In practice, it’s worth noting that 2. is a subset of 3. but I added it for clarity.

Now let’s look at this snippet:

task docFilesJar(type: Jar, description: 'Package up files used for generating documentation.') {
    archiveVersion = null
    archiveFileName = "grails-doc-files.jar"
    from "src/main/template"
    doLast {
        copy {
            from docFilesJar.archivePath
            into "${buildDir}/classes/groovy/main"
        }
    }
}

jar.dependsOn docFilesJar

First, let’s realize that this snippet is years old. I mean, very years old, copied from Grails, which was using early releases of Gradle.
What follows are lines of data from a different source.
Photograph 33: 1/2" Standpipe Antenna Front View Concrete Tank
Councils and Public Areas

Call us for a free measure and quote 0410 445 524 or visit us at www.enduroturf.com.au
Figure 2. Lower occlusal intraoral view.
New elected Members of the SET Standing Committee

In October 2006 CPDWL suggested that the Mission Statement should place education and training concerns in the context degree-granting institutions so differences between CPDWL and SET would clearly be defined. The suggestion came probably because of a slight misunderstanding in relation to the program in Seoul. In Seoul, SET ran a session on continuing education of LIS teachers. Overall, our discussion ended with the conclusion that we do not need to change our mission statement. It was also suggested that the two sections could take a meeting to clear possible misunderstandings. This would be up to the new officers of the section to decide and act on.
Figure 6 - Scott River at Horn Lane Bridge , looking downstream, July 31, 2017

Yet, there’s something interesting in what it does, which is a typical mistake I see in all builds I modernize.

It’s tempting, especially when you’re not used to Gradle, to think the same way as other build tools do, like Maven or Ant. You’re thinking "there’s a task, jar, which basically packages everything it finds in classes/groovy/main, so if I want to add more stuff to the jar task, let’s put more stuff in `classes/groovy/main`".

This is wrong!

This is wrong for different reasons, most notably:

  • when the docsFilesJar task is going to be executed, it will contribute more files to the "classes" directory, but, wait, those are not classes that we’re putting in there, right? It’s just a jar, resources. Shouldn’t we use resources/groovy/main instead? Or is it classes/groovy/resources? Or what? Well, you shoudn’t care because it’s not your concern where the Java compile task is going to put its output!
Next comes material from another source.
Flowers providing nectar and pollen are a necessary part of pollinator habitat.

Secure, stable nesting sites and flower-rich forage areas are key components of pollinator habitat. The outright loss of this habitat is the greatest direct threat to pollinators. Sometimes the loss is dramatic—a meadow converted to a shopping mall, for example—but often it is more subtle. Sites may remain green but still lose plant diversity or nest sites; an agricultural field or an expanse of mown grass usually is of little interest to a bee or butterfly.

  • it breaks cacheability: Gradle has a build cache, and multiple tasks contributing to the same output directory is the typical example of what would break caching. In fact, it breaks all kinds of up-to-date checking, that is to say the ability for Gradle to understand that it doesn’t need to execute a task when nothing changed.

  • it’s opaque to Gradle: the code above executes a copy in a doLast block. Nothing tells Gradle that the "classes" have additional output.
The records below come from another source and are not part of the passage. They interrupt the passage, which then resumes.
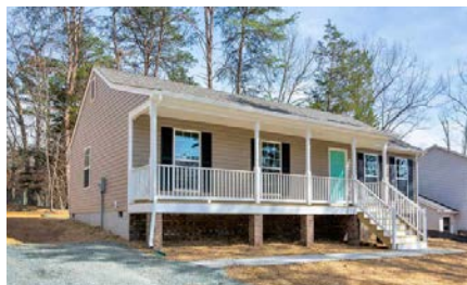
28 Bolling Circle, Lake Monticello $199,999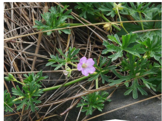
Large-flowered Geranium, MCMC cooperated with DEPI on actions to conserve this species.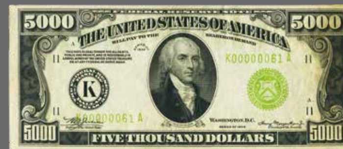
Fr. 2221-K $5,000 1934 Federal Reserve Note PCGS About New 53PPQ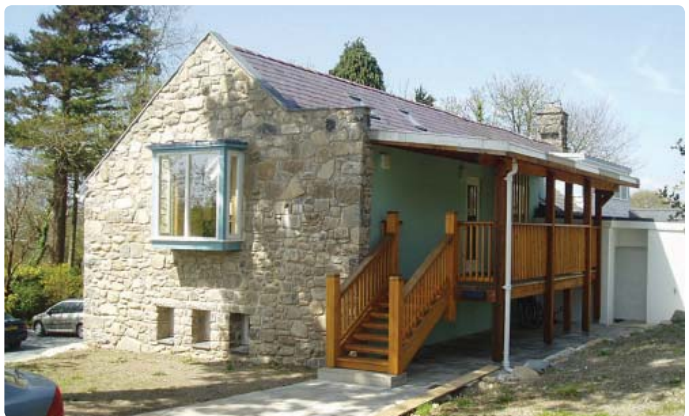
Ty Newydd Writer's Centre

  • imagine another task which needs the classes only. Depending on when it executes, it may or may not, include the docsFileJar that it doesn’t care about. This makes builds non-reproducible (note that this is exactly the reason why Maven build cannot be trusted and that you need to run clean, because any "goal" can write to any directory at any time, making it impossible to infer who contributed what).

  • it requires to declare an explicit dependency between the jar task and the docsFileJar task, to make sure that if we execute jar, our "docs jar" file is present

  • it doesn’t tell why there’s a dependency: is it because you want to order things, or is it because you require an artifact produced by the dependent task? Something else?

  • it’s easy to forget about those: because you may run build often, you might think that your build works, because jar is part of the task graph, and by accident, the docsFileJar would be executed before

  • it creates accidental extra work: most often a dependsOn will trigger too much work. Gradle is a smart build tool which can compute precisely what it needs to execute for each specific task. By using dependsOn, you’re a bit using a hammer and forcing it to integrate something in the graph which wasn’t necessarily needed. In short: you’re doing too much work.

  • it’s difficult to get rid of them: when you see a dependsOn, because it doesn’t tell why it’s needed, it’s often hard to get rid of such dependencies when optimizing builds

Use implicit dependencies instead!

The answer to our problem is actually simpler to reason about: reverse the logic. Instead of thinking "where should I put those things so that it’s picked up by jar", think "let’s tell the jar task that it also needs to pick up my resources".

All in all, it’s about properly declaring your task inputs.

Instead of patching up the output of another task (seriously, forget about this!), every single task must be thought as a function which takes inputs and produces an output: it’s isolated. So, what are the inputs of our docsFileJar? The resources we want to package. What are its outputs? The jar itself. There’s nothing about where we should put the jar, we let Gradle pick a reasonable place for us.

Then what are the inputs of the jar task itself? Well, it’s regular inputs plus our jar. It’s easier to reason about, and as bonus, it’s even shorter to write!

So let’s rewrite the code above to:

task docFilesJar(type: Jar, description: 'Package up files used for generating documentation.') {
    archiveVersion = null
    archiveFileName = "grails-doc-files.jar"
    from "src/main/template"
}

jar {
    from docFilesJar
}

Can you spot the difference? We got rid of the copy in the docFilesJar task, we don’t want to do this. What we want, instead, is to say "when you build the jar, also pick this docsFileJar. And that’s what we’re doing by telling from docsFileJar. Gradle is smart enough to know that when it will need to execute the jar task, first, it will need to build the docsFilesJar.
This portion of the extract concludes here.